Why a few banks are really sweating going into earnings season
Finance2 min read


REUTERS/Eric Gaillard

Drop of sweat falls from tennis player Rafael Nadal.

Earnings season is right around the corner for most of Wall Street.

For many Wall Street firms, 2015 became the first year in a long time that big banks finally started to outpace global market indices.

But that could change in a heartbeat, and there is reason to believe that it will.

Earlier this month, US banks didn't get the good news that would have been a short-term boost. If the Federal Reserve opted to increase the interest rate, banks' lending businesses would inevitably become more profitable.

Bankers and analysts have other worries too. International market troubles could impact US banks and some fear FX headwinds may return. The breakup of the Comcast-Time Warner deal also proved painful for banks like JP Morgan and the quiet IPO pipeline hurt a few firms.

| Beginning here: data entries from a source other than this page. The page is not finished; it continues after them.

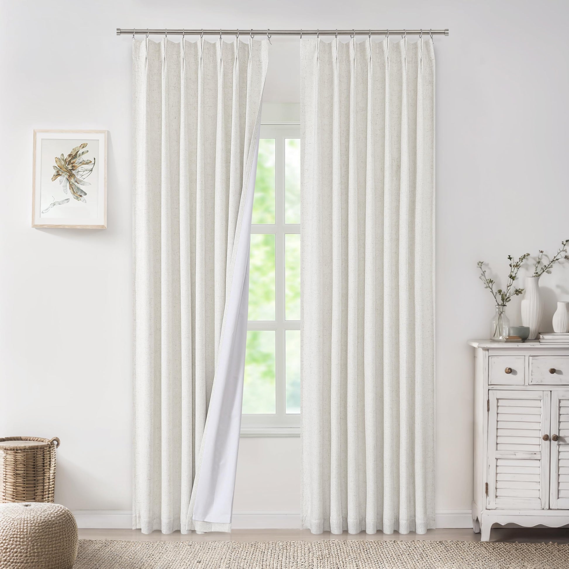- Perfect Pinch Pleats: Luxury sew-in pinch pleats top design makes it easy for installation --with back tabs, with the included hooks, with your own clips or with your track system. Rings are not included.
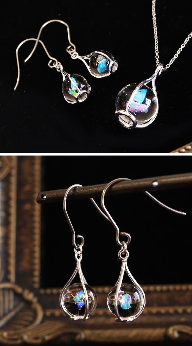 透明なガラスの球体の中に浮かぶオパールが光を反射してオーロラのように輝き、水の惑星「地球」を思わせるような清々しい美しさに満ちています。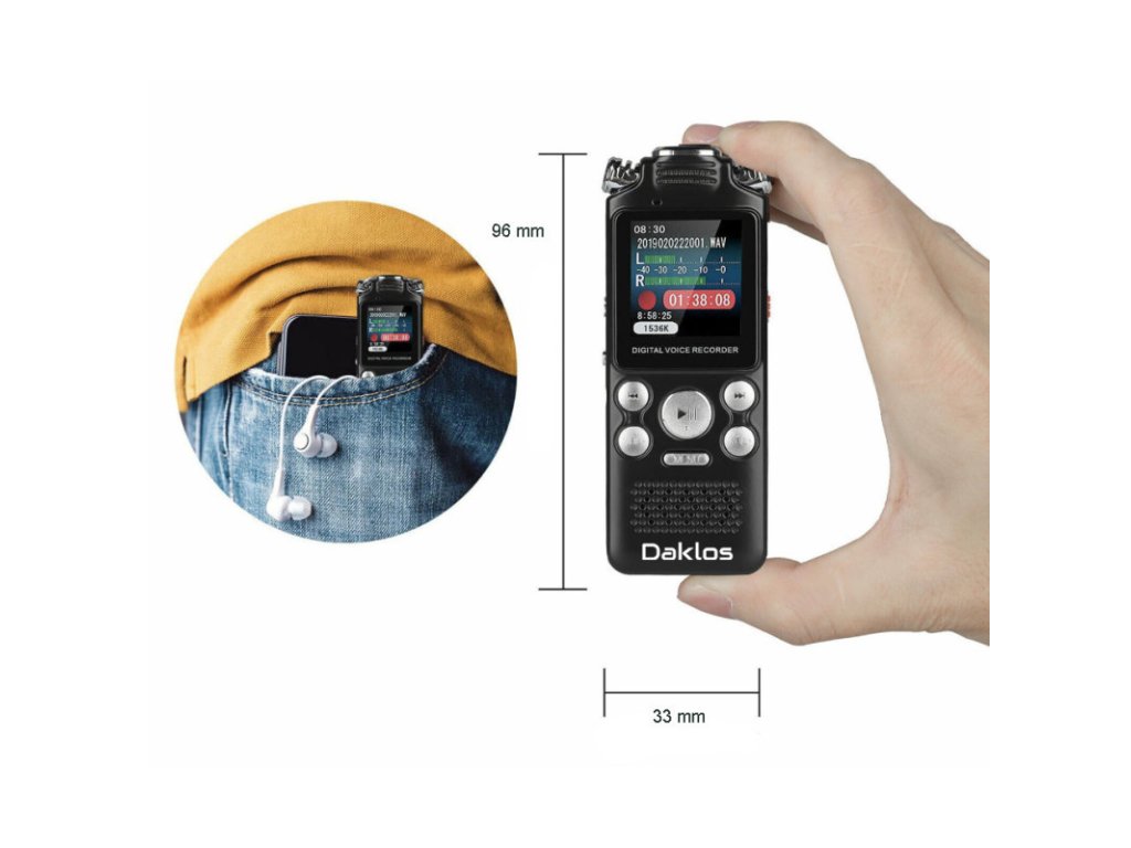 Jeho velikost je ideální do kapsy nebo jakékoliv tašky. Společně s diktafonem obdržíte i sluchátka a micro USB kabel pro nabíjení. Diktafon je tak použitelný i jako MP3 přehrávač.

Business Insider spoke to a number of bankers and analysts. Here's what they had to say:

  • There are still headwinds the big banks banks may have to outmaneuver. The ongoing fight between Greece and its creditors might have a disproportionate impact on US markets, said Eric Oja, US banks equity analyst with S&P Capital IQ. Oja said he's also monitoring the Chinese stock market tumble and that it has the potential to hurt US banks.
  • One thing Oja said he isn't concerned with is currency headwinds impacting individual banks. "Currency volatility is down a little compared to where it was August through October last year," he said.
  • Lower trading revenue at banks. "I'm looking for lower trading revenue at a lot of the banks," one source said. "Liquidity seems to be drying up."
  • "Everyone expecting the banks to do buybacks," the source said. Banks' buybacks are subject to more restrictions post-crisis, and the time is now to repurchase shares.
  • "It's going to be yet another unremarkable quarter," a second source predicted. "Trading is going to be down, like it was last quarter."
  • That could change in future earnings reports. Goldman Sachs issued a bullish call for more M&A yesterday and a frothy deal market would help it and other firms with a big presence in I-banking.
  • "The only growth taking place now is at small banks," under $10 billion in market capitalization. The source said that smaller banks could be in for a big boost in business if rates remain low and they can cash in on a sustained rise in homes sales.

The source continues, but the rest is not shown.